Опубликовано в журнале Зинзивер, номер 4, 2022
ВЛАДИМИР НИКОЛАЕВ
Прозаик. Живет и работает в Москве. Член Союза писателей ХХI века. Автор трех книг рассказов.
НАЧАЛО
Николай Лихобоев поправил съехавший галстук, разглядывая свое отражение в мелькании подземных огоньков на двери вагона метро чуть выше полузатертой надписи: НЕ П..ИС. О..ТЬСЯ! «Красив в строю — силен в бою!» — усмехнулся лейтенант и вышел на белый свет из метро, отмахивая рукой 120 шагов в минуту.
По-другому и быть не могло! Он шел представляться командиру части в полном соответствии с Уставом внутренней службы — в парадной форме «для строя» умопомрачительного цвета морской волны, в сияющих хромовых сапогах и при золотом ремне.
Августовское солнышко припекало. Пока шел от метро, через фуражку напекло, и пот предательски побежал через лоб, но лейтенант фурагу не снял и формы не нарушил, лишь смахнул каплю под ехидными взглядами штатских мужиков.
Штатские же мужики в заграничных пиджаках обгоняли его и ухмылялись, а один даже помахал рукой.
«Идиоты, — думал Николай, — Чего они понимают в военной красоте! А может у меня ширинка расстегнулась?!» Нет, проверка показала, что и этот элемент формы одежды в полном порядке. И летеха продолжил свое победное шествие вдоль забора красного кирпича, демонстрируя лихую выправку и недюжинный рост.
У крыльца с табличкой «КПП» собралось уже десятка полтора таких же орлов. Некоторые, правда, были без золотых ремней и другого великолепия. Колюня сразу выцепил из толпы группку своих пацанов, покуривающих в кулак. На крылечко периодически выскакивал потный подполковник и, выкрикнув несколько фамилий, уводил счастливцев внутрь.
Выкрикнул и его. В прокуренной комнатке задерганный кадровик проверил документы и, собрав предписания, выдал бумажку с телефоном. «Завтра позвонить и прибыть куда скажут», — напутствовал на прощание.
* * *
Апрельское скупое солнце не грело и не особо радовало. Полковник Лихобой, поеживаясь, курил на крыльце крайнюю сигарету. Майор, вчерашний выпускник академии, вынес большую скатку форменной одежды: мелькали звезды, планки наград. Покурив, подошли к пожилой «девятке». Авто удалось удачно запарковать во дворе жилого дома напротив мусорных баков. Отдал майору пропуск.
— Куда форму, дядя Коля?
— Да вон — в мусорку, — хмыкнул Лихобой, но, увидев округлившиеся глаза офицера, исправился.
— Брось на сиденье!
— До свидания, дядя Коля!
— …И тебе не хворать.
ПФИ
— Стоп! — закричал полиграфолог, — Вы что, Константин Сергеевич, без стакана работать не можете?!

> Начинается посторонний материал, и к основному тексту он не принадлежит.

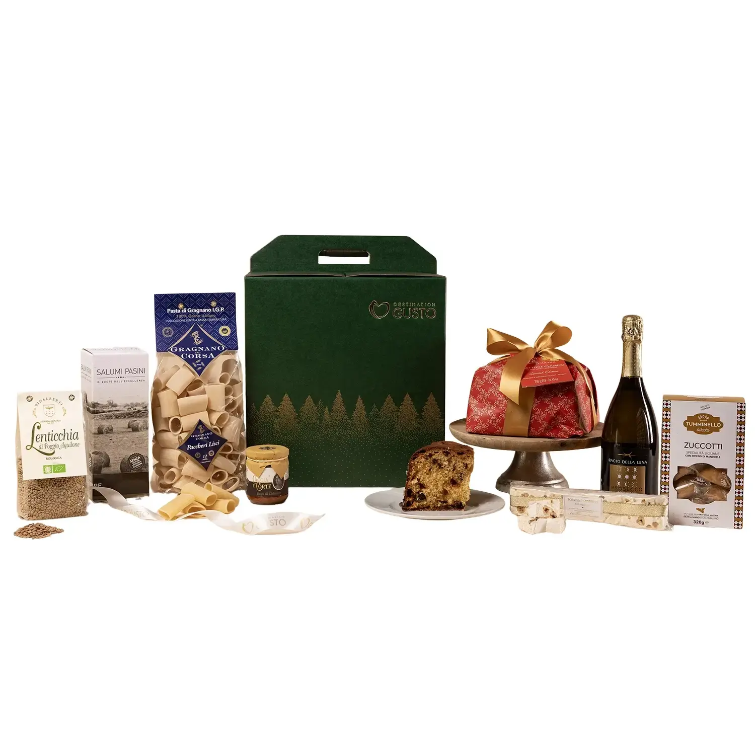 Un cesto raffinato, curato in ogni dettaglio, ideale come regalo gourmet o per celebrare in famiglia il Veglione con i migliori prodotti del Made in Italy.

— Почему же, — возразил Константин, — могу. Вы же спрашиваете: употребляю ли спиртные напитки в служебное время?
— И что?! Употребляете?
— Конечно. Вот уезжает человек в командировку или новую должность получил… Накрывает поляну.

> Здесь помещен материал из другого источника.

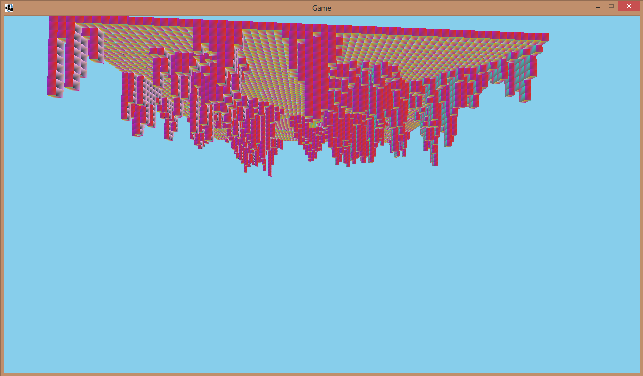 我正试图用Java中的opengl实现一个体素引擎。当我试图在屏幕上渲染一个体素块时,用一些简单的噪声来生成地形,它看起来是颠倒的。我假设这是因为我正在循环我的块来生成它。

— Это другое дело! — породистый мужчина поправил на Косте манжетку тонометра и уже буднично спросил: «Употребляете спиртные напитки в служебное время за исключением случаев, оговоренных ранее?».
— Нет, — с легким сердцем ответил Костя.
Эта процедура называлась «полиграфическое исследование», сокращенно ПФИ. Без отметки о прохождении полиграфа никто серьезно разговаривать с вернувшимся «героем» не будет. Кое-кто даже опасался руку протянуть, не то что задушевно покурить на лестнице.
Раньше, в советское время, ПФИ не было, и его функцию исполнял партбилет, который перед командировкой следовало отвезти на Старую Площадь и сдать вместе с наградами строгому дяде в однотонном костюме. По возвращении тот же дядя, а, может, его брат-близнец, возвращал бардовую книжицу с аккуратно проставленными печатками об уплате членских взносов в инвалюте. Считалось, что «там» знают все, и уж если партбилет вернули, то человек чист перед партией, а, следовательно, и в родном ведомстве.
…Вопросы следовали один за другим. Костя монотонно бубнил: «Да. Нет. Нет. Да». Круг вопросов в основном касался «левого» бизнеса и несанкционированных контактов с иностранцами, ну и «вредных привычек» — алкоголь, наркотики. По большому счету Косте опасаться было нечего — он Родину не продавал, особо не бухал, наркоту никогда не пробовал, хотя купить ее в той жаркой стране было плевое дело — на базаре оборванные пацаны предлагали дурь по цене пачки сигарет: «Аша, мистер! Аша!».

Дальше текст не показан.